Leaving aside the notion that boys are overlooked as an advertising demographic, which is a debate in itself, it is true that boys are stigmatized for reading “girly” books much more than girls are for reading “boyish” ones. This also holds true for clothes — very few people try to argue that women shouldn’t wear pants, but how many men do you see wearing skirts and not getting heckled — and films — try being a straight man alone in a chick flick theatre and having your buddies find out.

This naturally leads to the argument that society punishes boys much more harshly for liking things in the female demographic, so female-oriented media must tailor itself away from being overtly “feminine” to avoid unnecessary narrowing of the market. The reverse problem doesn’t exist, because society doesn’t stigmatize girls who like boys’ things as much.

I’ve had this argument a few times now, and couldn’t put my finger on why it sat so badly with me. I think I’ve finally figured it out.

The problem is that the social stigma is not actually against guys who like girly stuff, nor is it in favour of girls who like guys’ stuff.
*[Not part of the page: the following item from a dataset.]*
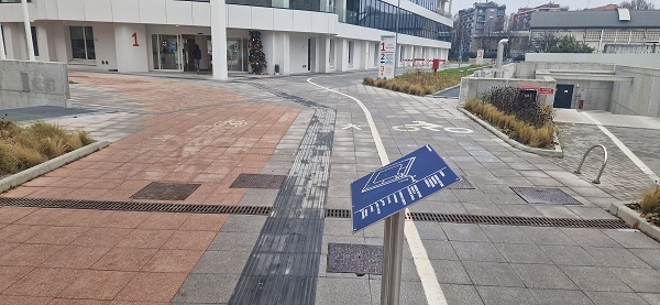 Appena oltrepassato il cancello della struttura, la corsia pedonale per raggiungere l’ufficio si presentava dapprima stretta e poi bloccata da transenne di lavoro.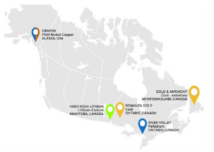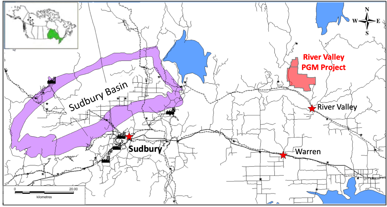 This advanced-stage project spans 107 km² in Sudbury, a world-renowned Ni-Cu-PGM mining district , with major processing facilities.

The stigma is against anything perceived as “for girls”, regardless of who likes it.

Girls are allowed to like guys’ stuff because it’s the superior product. Being a girl who likes guys’ things means you have taste, and you’re somehow cooler and more forward-thinking and more stereotype-decrying than those girls who like chick flicks or read books about women who can’t get a boyfriend and love shopping.

Guys, on the other hand, are criticized for liking girl stuff (books, movies, clothes) because “girl stuff” is decidedly inferior. Likewise, girls who like girly things get dismissed both by men and by certain schools of feminists — including me, for years, until I realized what I was doing.

“Guy stuff” is not actually guy stuff, people argue, but can be enjoyed by anyone — the idea that a woman can’t love a movie about cars and explosions is generally accepted to be untrue. “Guy stuff” transcends gender. But “girl stuff” is just for girly-girls and gay men, so straight guys — and girls who want people to take them seriously — should stay away.

“Girly” media is the lesser product — that is, until it acquires enough of a male fan base to “legitimize” it and remove its “femaleness” (like Star Trek, or The Hunger Games). The reverse is also true — despite the overwhelming number of insanely successful male chefs, cooking is still seen as “girly”, so it gets dismissed.

The problem is not that boys get made fun of for reading things about or “for” girls; the problem is that things about or “for” girls are seen as something that a boy should be made fun of for liking. The problem is not that boys are embarrassed to read something with a girl on the cover; the problem is that society tells boys they should be embarrassed.

The solution to the perceived marketing problem is not to remove women from the cover of books with female leads so they can sell. It’s not to re-market Rapunzel as “Tangled”, to make it more about Flynn Rider, to splash him on all the promo materials and have him, not Rapunzel, narrate the trailer, because boys won’t watch “princess movies”.

The solution is to stop supporting a culture where books and movies have to disguise their female leads in order to sell. Telling boys — and girls! — they should be ashamed to read something with a girl on the cover is not the way to do this.

 

***EDIT***

A friend here in Japan pointed out that it must be a cultural thing, because books and manga in Japan are littered with “girly”-looking covers and boys have no problem reading those. The “boys won’t read something with girls on it” is an artificial construct. If Japan — an intensely gender-segregated society in many ways — can get over that in marketing, and realize that books with girls sell just as well as books with giant robots, then why can’t we?